Tuesday, December 1st, 2009

It’s common, if infrequently articulated, knowledge that homelessness isn’t good for you. Homelessness is accompanied by a substantially higher mortality rate than has the population at large, difficulty obtaining employment, and enormous social stigma.

These negative impacts are compounded for homeless children, and their schooling suffers as a result. Researchers at Columbia University have found that homeless children are half again as likely as their housed peers to perform below grade level in reading and spelling, and more than twice as likely to perform poorly in math.

The causes are obvious: Without stable housing, homeless children are subject to far higher stress; they frequently do not have adequate space to do homework. They lack access to many of the resources employed by their housed peers.

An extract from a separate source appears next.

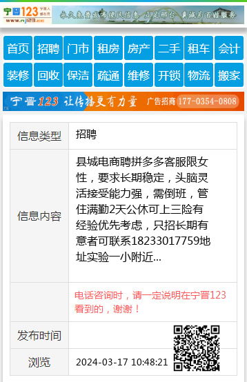 县城电商聘拼多多客服限女性,要求长期稳定,头脑灵活接受能力强,需倒班,管住满勤2天公休可上三险有经验优先考虑,只招长期有意者可联系18233017759地址实验一小附近 【电话咨询时,请一定说明在宁晋123看到的,谢谢!】 |

With the current recession, this problem is expanding dramatically. Looking at the first year of the recession, the National Association for the Education of Homeless Children and Youth (NAEHCY) and First Focus published the report The Economic Crisis Hits Home: The Unfolding Increase in Child & Youth Homelessness. NAEHCY looked into homeless student populations at 1,716 school districts across the country. In the first semester of the 2008–2009 school year, nearly 20% of these districts had enrolled more homeless students than they had in the entirety of the 2007–2008 school year. A further 49% had seen at least half the prior year’s number of students within the first few months. Over 95% reported some increase. And 2008–2009 built on increases the prior school year.